Step 1: Understanding the Concept:
For a body falling from rest, the displacement $s$ is proportional to the square of time $t$ according to the equation $s = \frac{1}{2}gt^2$. We need to find the total time $T$ for height $H$ and the time $t_1$ for the first half height $H/2$. The time for the second half is the difference between these two.
Step 2: Key Formula or Approach:
1. Total time: $H = \frac{1}{2}gT^2 \implies T = \sqrt{\frac{2H}{g}}$.
2. Time for first half: $\frac{H}{2} = \frac{1}{2}gt_1^2 \implies t_1 = \sqrt{\frac{H}{g}}$.
Step 3: Detailed Explanation:
From the equations above, we can see that:
\[ t_1 = \frac{1}{\sqrt{2}} \sqrt{\frac{2H}{g}} = \frac{T}{\sqrt{2}} \]
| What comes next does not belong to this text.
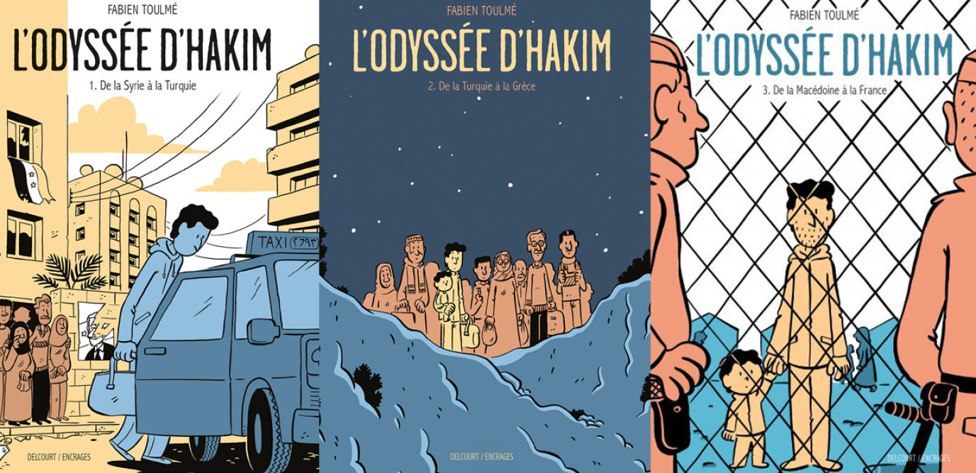 L’Odyssée d’Hakim, un roman graphique de Fabien Toulmé (éd. Delcourt, trois volumes. De 264 à 280 p. selon chaque tome, 24€95 chacun)
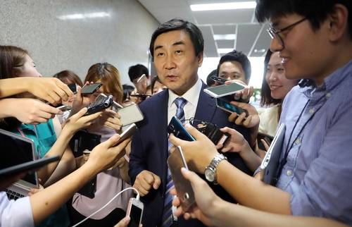 ▲당권도전 고민을 거듭하고 있는 더불어민주당 이종걸 비대위원이 27일 오전 김종인 비상대책위 대표를 면담한 뒤 당 대표실을 나서며 취재진의 질문세례를 받고 있다.(사진=연합뉴스)

The time taken for the second half of the height ($\Delta t$) is:
\[ \Delta t = T - t_1 = T - \frac{T}{\sqrt{2}} \]
Factor out $T$:
\[ \Delta t = T \left( 1 - \frac{1}{\sqrt{2}} \right) = T \left( \frac{\sqrt{2}-1}{\sqrt{2}} \right) \]
Step 4: Final Answer:
The time taken for the second half is \( \left( \frac{\sqrt{2}-1}{\sqrt{2}} \right) T \).